バーデン・バーデン ペンテコステ音楽祭2015(3)



 バーデン・バーデンのような温泉場で気分良く1日をスタートさせるには、朝風呂に入るのが一番だけれど、日常にないひとコマという意味では、「アート浴」というのも悪くない選択だ。5月25日はそんな「アート浴」と呼ぶにふさわしい催し、「音楽で目覚める朝」に参加した。会場はフリーダー・ブルダ美術館。午前9時に始まる演奏会のあと、思い思いに展示室をめぐったり、同館のカフェで朝食をとったりする。音楽・美術・食がつまった3時間だ。
 気持ちの良い演奏が聴ければ佳い1日、そうでないならそれなりの1日……。夜のコンサートに比べ、1日の残りが多い朝の演奏は、奏者にとってプレッシャーが大きいかもしれない、と余計な気をもむ。でも杞憂だった。素敵な音楽のおかげで、コンテンポラリーアートの鑑賞、おおらかなドイツの朝食、そして夜のオペラまで、きれいにタスキがつながった。
 コンサートのプログラムは、ハイドンモーツァルトシューベルトの三重奏を計6曲。FinDIt弦楽三重奏団の演奏だ。ロッタ・スヴァント(ヴァイオリン)、ジェネッテ・ドレエ(ヴィオラ)、アンネ・ベラー=フォンデアゴルツ(チェロ)の3人はみな、バルタザール・ノイマン・アンサンブルのメンバーで、おもにピリオド演奏の分野で活躍している。

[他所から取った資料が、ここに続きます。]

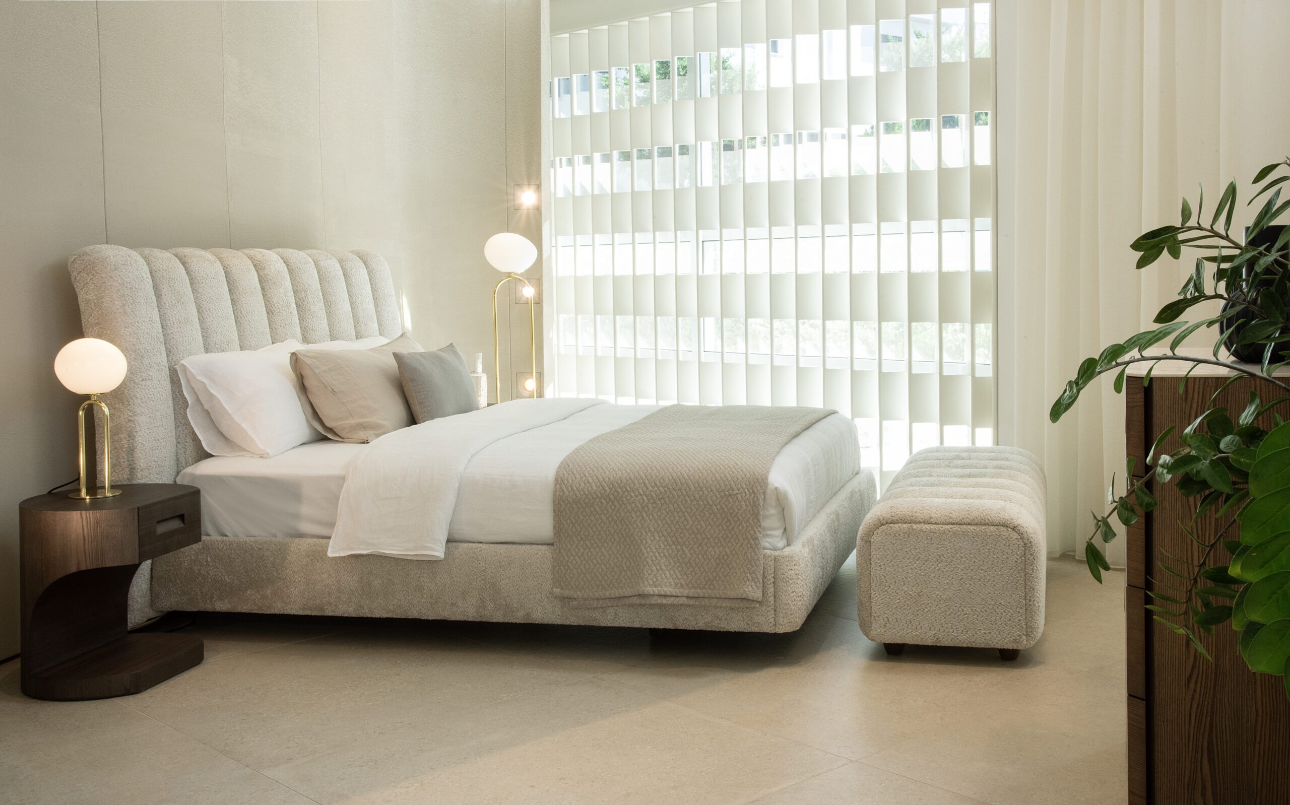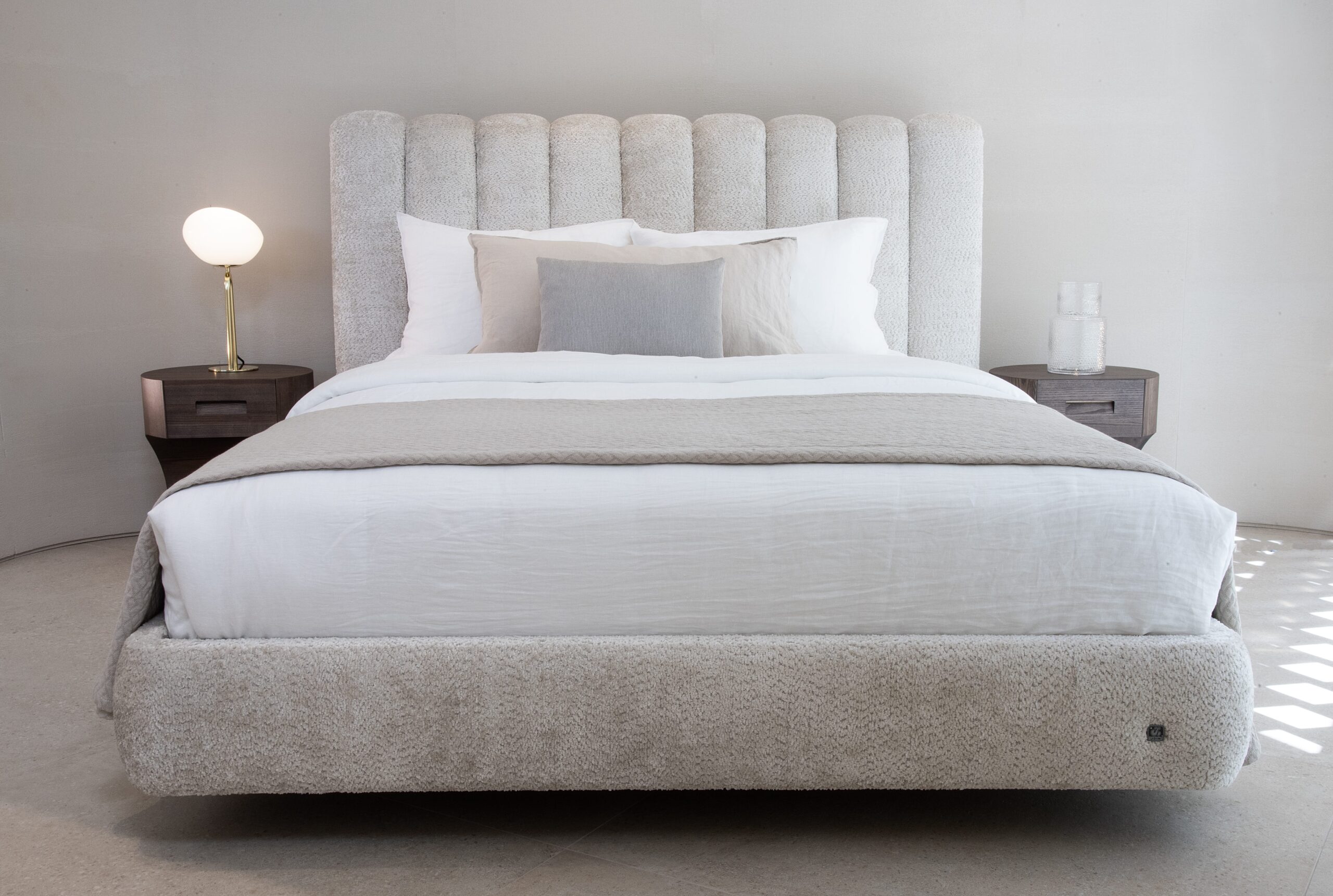 Σύγχρονη κρεβατοκάμαρα με κομψό σχεδιασμό και φυσικές αποχρώσεις ξύλου. Η Φήμη συνδυάζει άνεση και στυλ, με επένδυση υφάσματος και εργονομικό κεφαλάρι. Το σύνολο συμπληρώνεται με λειτουργικά κομοδίνα και μοντέρνα διακόσμηση, δημιουργώντας έναν ήρεμο και φιλόξενο χώρο ύπνου.

 三重奏の肝は、四重奏よりも親密で二重奏よりも多層的な、対話の積み重ね。音楽の滋味がもっとも出る分野のひとつと思う。3人は「人間の対話」のスタイルを徹底して模倣することで、それを表現する。息づかい、さまざまな子音、明暗のある母音、勢いと口ごもり、自信と不安、緊張と安堵。重要なのは人間が、独り言をいうこともある点。3人も単旋律に隠された「対話」を浮き彫りにして、「ひとりボケ・ツッッコミ」のような楽想を前面に押し出していく。三重奏の持つ親密さと多層性とのバランス、つまりベタベタしすぎず、込み入り過ぎないあり方が、朝の空気とよく呼応している。
 音楽祭らしい好企画。大会場でスターによる重厚な管弦楽曲を聴くのも(スカスカの音楽でない限り)一興だけれど、保養地の初夏の音楽祭としては、こうした企画物も実に好もしい。